TCH and its 22 member banks - including the likes of BofA, Citi and US Bank - are currently developing a pilot programme to test an open standard system that improves security for mobile transactions.
The test will seek to boosts customer account information safeguards by cutting the amount of sensitive information, such as card numbers, stored across multiple retailers, virtual wallet providers and others.
The pilot will test customers' ability to use their handset to make a purchase within a mobile wallet and at the point-of-sale. The participant's actual account number will be replaced by the issuing bank with a randomly generated temporary number, or dynamic credential, for processing the transaction.
This, says TCH, protects a customer's account information behind bank firewalls and lowers the potential for fraud in digital payments.

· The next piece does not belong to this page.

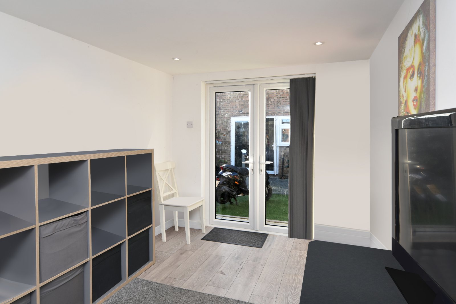 Insulated room with smooth plastered ceiling inset with recessed ceiling spotlights. uPVC double glazed French doors to rear garden.

Richard Davis, chairman, president and CEO, US Bancorp and chairman, TCH, says: "Financial institutions have always been the stewards of safe and sound payment systems. As an industry, we want to do what we can to ensure that privacy and fraud protection are built into all types of digital payments."
Paul Galant, CEO, Citi Enterprise Payments, adds: "This initiative is designed to provide important new ways to protect customer account information and increase customer confidence in the security of the payment systems."